··· Extracted information ···

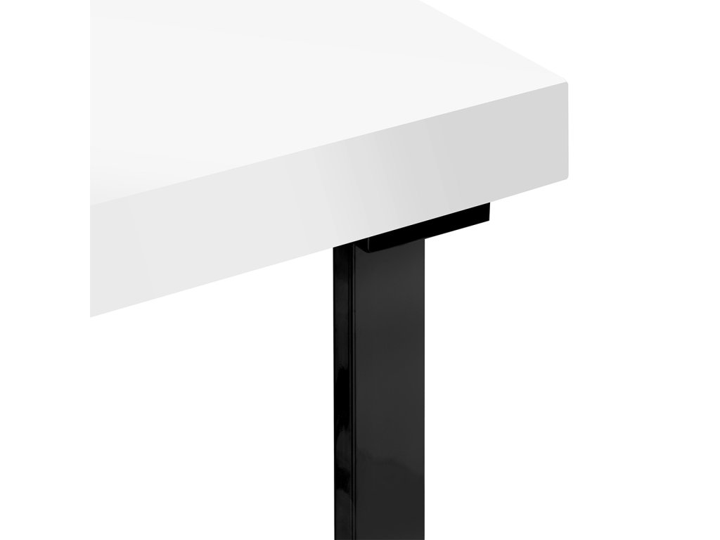 Der Tisch überzeugt durch sein minimalistisches Design mit weißer Hochglanz-Arbeitsplatte, schwarzen Metallbeinen und goldenen Details. Das elegante Erscheinungsbild passt sowohl in kleinere Studios als auch in größere, moderne Salonräume.
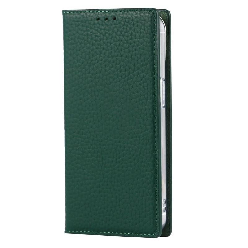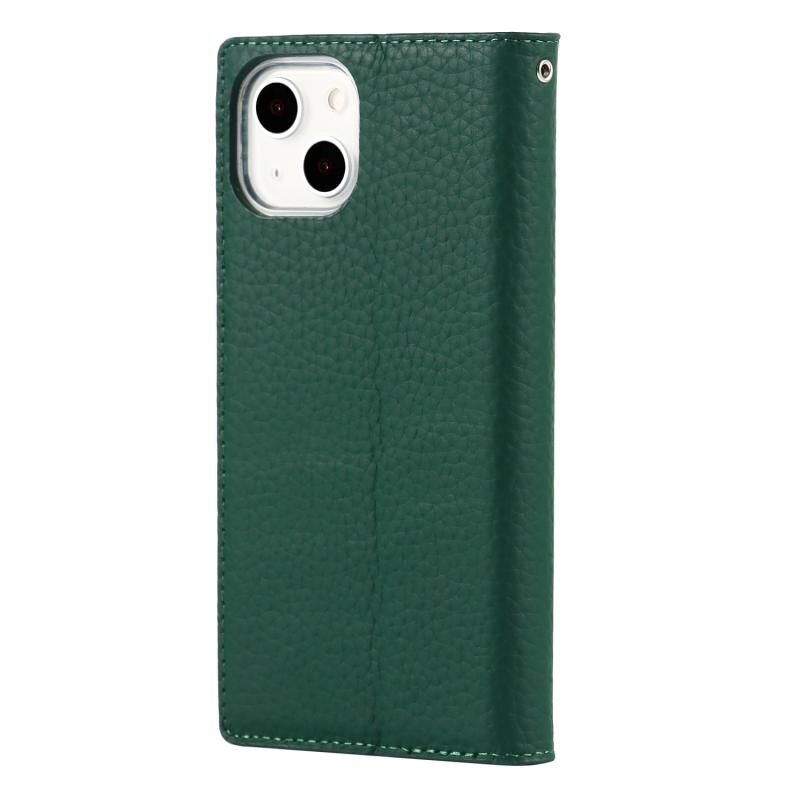 For iPhone 13 mini Litchi Texture Genuine Leather Phone Case With Lanyard & Holder & Card Slots & Wallet (Dark Green)
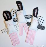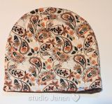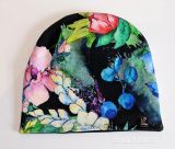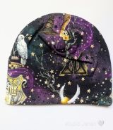 Čepice se vzorem Harry Potter Hedviky na fialovém podkladu.
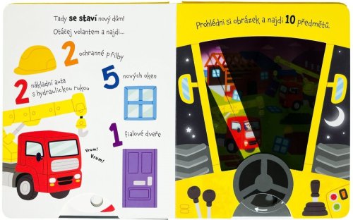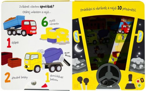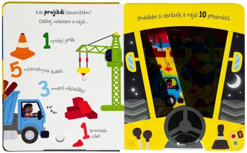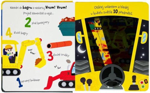 Posaď se za volant a projeď se s bagrem po staveništi. Otáčej volantem na každé stránce, posviť si na cestu, hledej a počítej předměty, které v kuželu světla objevíš. Zvládneš je ve tmě všechny najít? Hrajte si, na každé dvojstraně je nová aktivita!
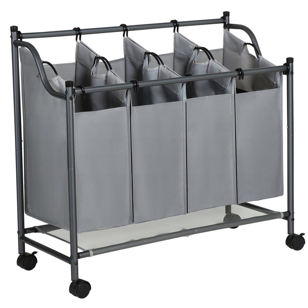Koš na třídění prádla, pojízdný, Songmics LSF005GS, 81 x 87,85 x 38,5 cm
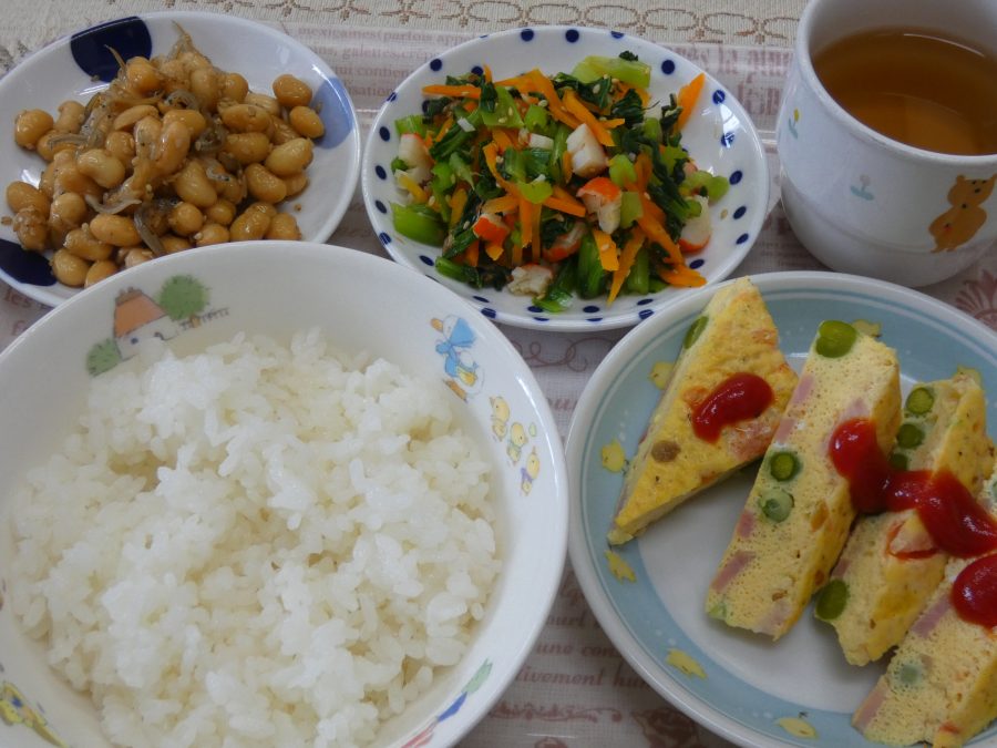 今日のメニューは「ご飯、スペイン風オムレツ、大豆とじゃこの照り煮、小松菜のおかか和え(かにかま)」でした。
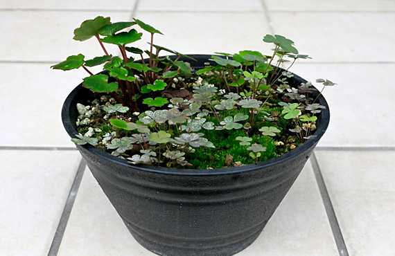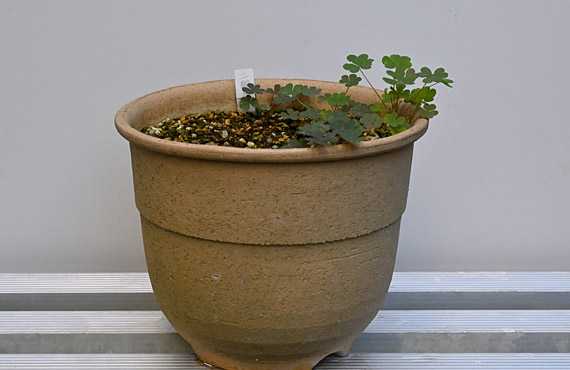 今回紹介するのはニリンソウ(二輪草)です。この数年、開花する花の8割ほどが1輪で咲いています。この比率を逆転させたいのですが、「どうすれば・・・」という段階でポーズ状態に陥っているのが実状です。 そこで今回は少数ですが塊根を分植して栽培環境を変えてみることにしました。用意したポットは4号と2.5号の陶鉢です。4号には3株、2.5号には2株を植え付けました。用土は自然界の環境に近付けるということで、常用の園芸用土に細断した腐葉土を混ぜています。こちらが分植したポットと、元の大型ポットの集合写真です。分植した4号ポットは従来通り屋外に、2.5号は室内に収容して加温促成するつもりです。
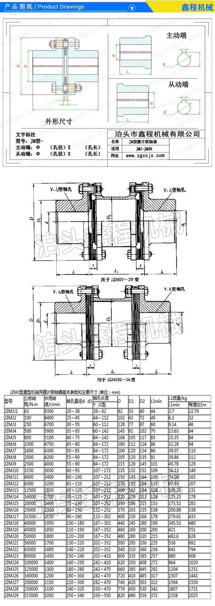 4、根据轴径选择型号:初步选定的轴承联轴器联接尺寸,即轴孔直径d和轴孔长度L,应符合主、从动端轴径的要求,否则还要根据轴径d安置联轴器的规格。主、从动端轴径不相同是正常现象,当转矩、转速相同,主、从动端轴径不相同时,应按大轴径选择联轴器型号。新设计的传动系统中,应选择符合GBT3852中规定的七种轴孔型式,举荐运用J1型轴孔型式,以提高通用性和互换性,轴孔长度按轴承
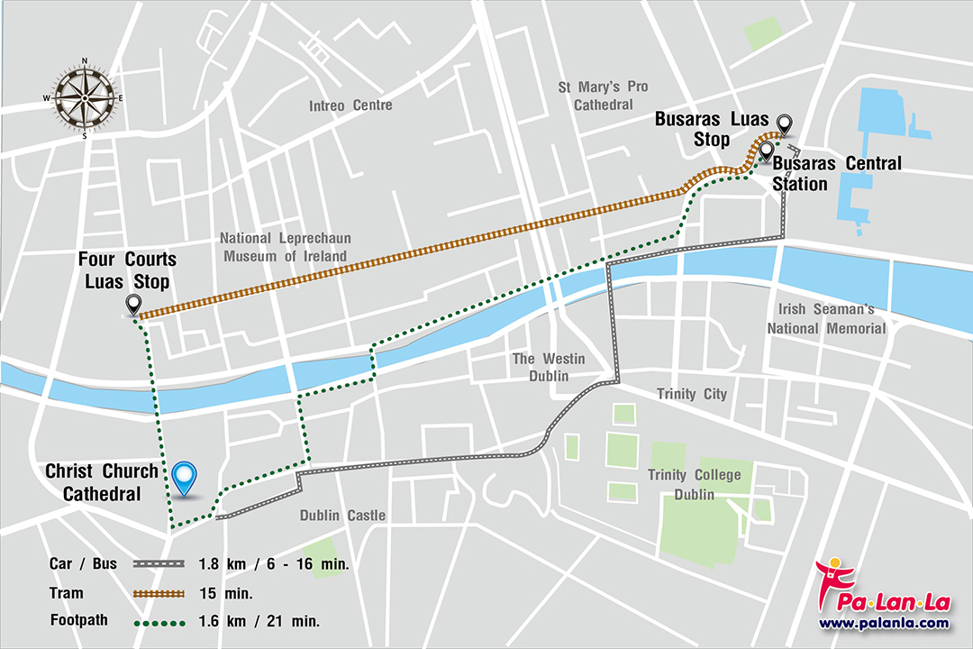 - รถโดยสารประจำทาง จาก Busaras Central Station ขึ้นรถประจำทางสาย 27 และเดินอีกประมาณ 210 เมตร ใช้เวลาประมาณ 2 นาที จะถึงอาสนวิหารไครสต์ เชิร์ช ดูตารางเวลาและรายละเอียดได้ที่ ศูนย์รถประจำทางดับลิน https://www.dublinbus.ie/
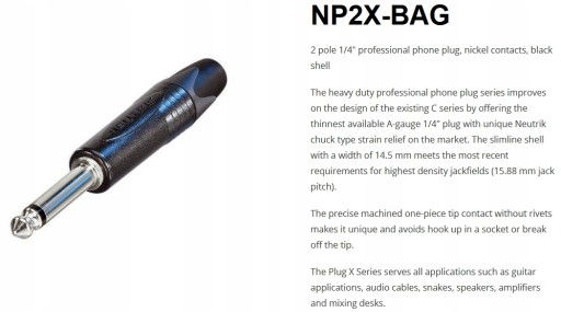 Neutrik NP2X-BAG - złącze instrumentalne JACK MONO - czarne (męskie)
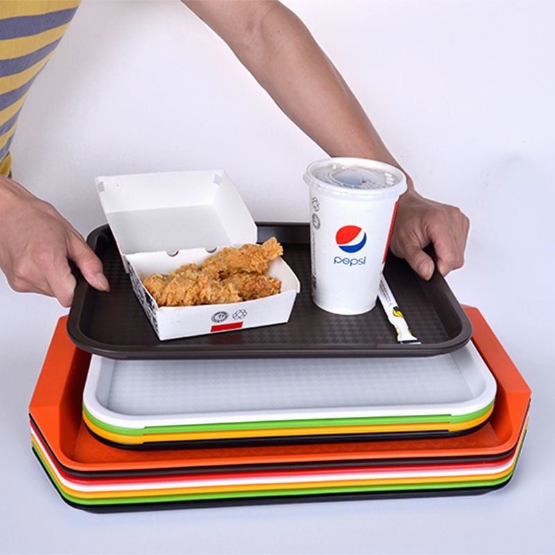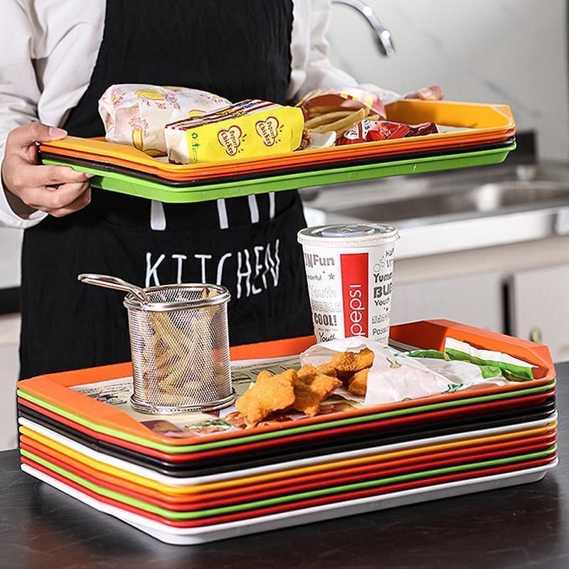 Plastic Tray Buffet Rectangular Tray Plates Canteen Serving Plate for Fast Food Milk Tea Burger Restaurant Non-slip
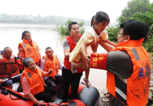 2024年7月12日,在四川省達(dá)州市渠縣李渡鎮(zhèn)燈臺社區(qū),黨員干部志愿者在洪水中轉(zhuǎn)移被困村民。新華社發(fā)(鄧良奎 攝)
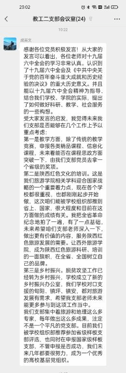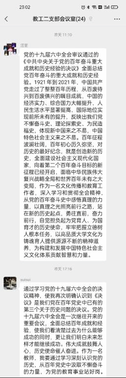 王晓华同志认真学习了文件,她表示要把学习宣传贯彻党的十九届六中全会精神作为一项重要政治任务,深入学习、深刻理解、准确把握,切实把学习成果转化为推进学校高质量内涵式发展的强大动力,坚定不移履行为党育人、为国育才使命。王莉霞同志表态,作为党员教师要从党的百年奋斗重大成就中汲取动力滋养,从党的精神谱系中锤炼担当品格,从党的宝贵历史经验中把握规律方法,切实把思想和行动统一到精神上来,真正做到学思用贯通、知信行合一,助力学生成长成才。辛建同志发言,在本职工作中务必做到“两个维护”,紧跟时代步伐完善自我建设,将课程思政与教学工作紧密结合,将理论与实践紧密结合,立德树人,守正创新。王鹏涛同志谈到,参与了全国青年环保组织骨干学习党的十九届六中全会精神专题培训班的体会,会议公报的发布,在全国包括我省生态文明建设及环保志愿服务领域引发广泛关注与探讨。作为秦岭生态青年学者,我校环保社团指导老师之一,将坚定前行,以奋斗之我推动秦岭生态文明建设。李开宇同志指出,作为高校教师和教学管理人员,必须要深入学习党的方针政策,加强自身党性修养,提高政治理论水平,坚持以习近平新时代中国特色社会主义思想为指导,坚持走中国特色社会主义文化发展道路,贯彻落实党的教育方针,坚持立德树人,为国家培养德智体美劳全面发展的社会主义建设者和接班人。另有多位同志也在微信群进行了踊跃发言与交流。
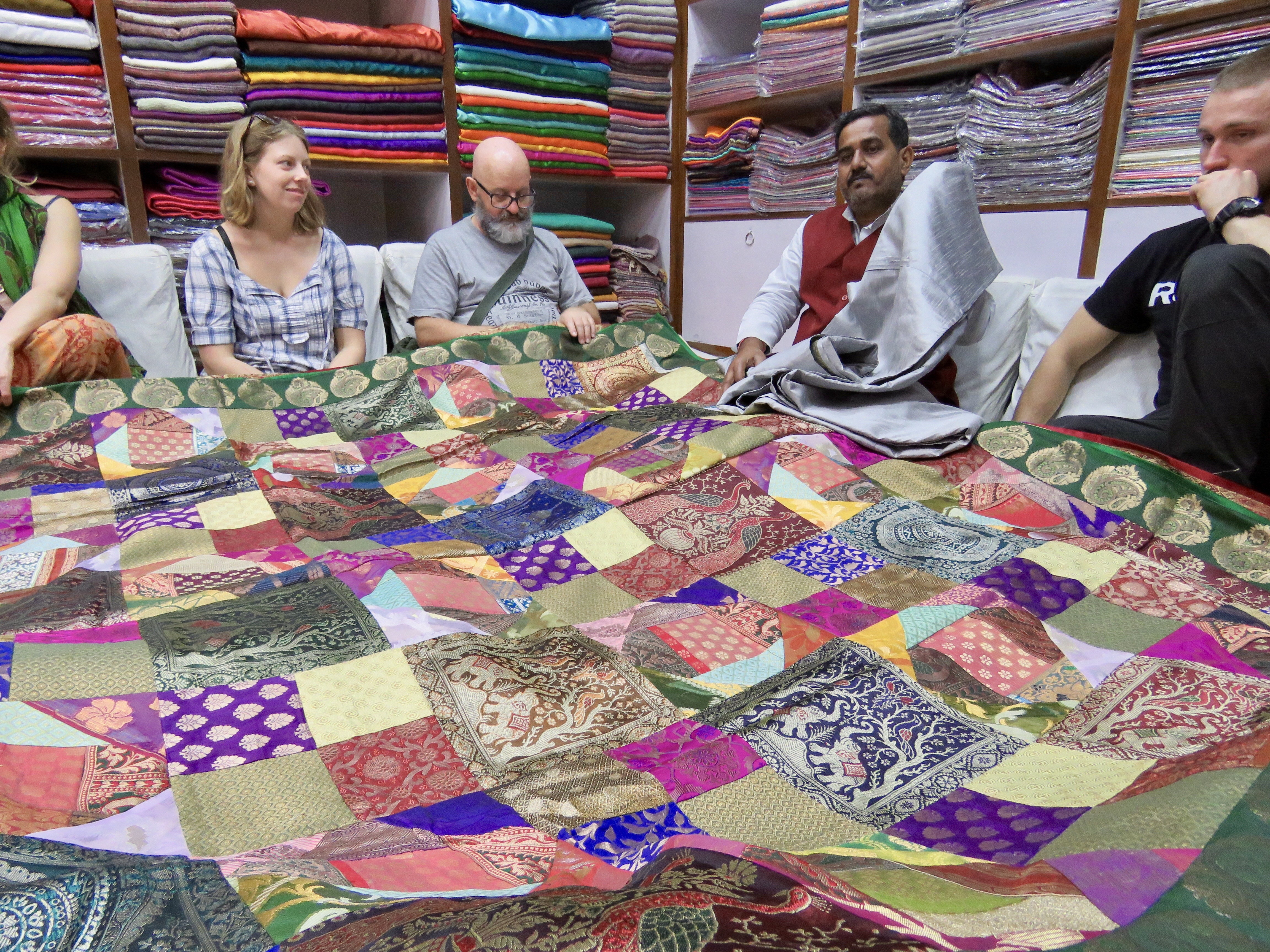 We were then taken to the sales room where we sat in a circle on a floor covered in what seemed like futons. The salesman really wanted us to know what was real silk or cashmere and what wasn’t, and how to tell (set a flame to it and smell it, if it smells like burnt hair, it’s real. Also how fast it burns …cotton burns quicker). He showed us duvet covers, shawls, scarves, and saris. We spent a lot of money there, let’s just leave it at that.

···

Without any pictures, please write out the lines from the one containing "Neutrik NP2X-BAG - złącze" through the final line of the data, exactly and inclusive of both ends.

▶ _Exercise solution_
 Neutrik NP2X-BAG - złącze instrumentalne JACK MONO - czarne (męskie)
 Plastic Tray Buffet Rectangular Tray Plates Canteen Serving Plate for Fast Food Milk Tea Burger Restaurant Non-slip
 2024年7月12日,在四川省達(dá)州市渠縣李渡鎮(zhèn)燈臺社區(qū),黨員干部志愿者在洪水中轉(zhuǎn)移被困村民。新華社發(fā)(鄧良奎 攝)
 王晓华同志认真学习了文件,她表示要把学习宣传贯彻党的十九届六中全会精神作为一项重要政治任务,深入学习、深刻理解、准确把握,切实把学习成果转化为推进学校高质量内涵式发展的强大动力,坚定不移履行为党育人、为国育才使命。王莉霞同志表态,作为党员教师要从党的百年奋斗重大成就中汲取动力滋养,从党的精神谱系中锤炼担当品格,从党的宝贵历史经验中把握规律方法,切实把思想和行动统一到精神上来,真正做到学思用贯通、知信行合一,助力学生成长成才。辛建同志发言,在本职工作中务必做到“两个维护”,紧跟时代步伐完善自我建设,将课程思政与教学工作紧密结合,将理论与实践紧密结合,立德树人,守正创新。王鹏涛同志谈到,参与了全国青年环保组织骨干学习党的十九届六中全会精神专题培训班的体会,会议公报的发布,在全国包括我省生态文明建设及环保志愿服务领域引发广泛关注与探讨。作为秦岭生态青年学者,我校环保社团指导老师之一,将坚定前行,以奋斗之我推动秦岭生态文明建设。李开宇同志指出,作为高校教师和教学管理人员,必须要深入学习党的方针政策,加强自身党性修养,提高政治理论水平,坚持以习近平新时代中国特色社会主义思想为指导,坚持走中国特色社会主义文化发展道路,贯彻落实党的教育方针,坚持立德树人,为国家培养德智体美劳全面发展的社会主义建设者和接班人。另有多位同志也在微信群进行了踊跃发言与交流。
 We were then taken to the sales room where we sat in a circle on a floor covered in what seemed like futons. The salesman really wanted us to know what was real silk or cashmere and what wasn’t, and how to tell (set a flame to it and smell it, if it smells like burnt hair, it’s real. Also how fast it burns …cotton burns quicker). He showed us duvet covers, shawls, scarves, and saris. We spent a lot of money there, let’s just leave it at that.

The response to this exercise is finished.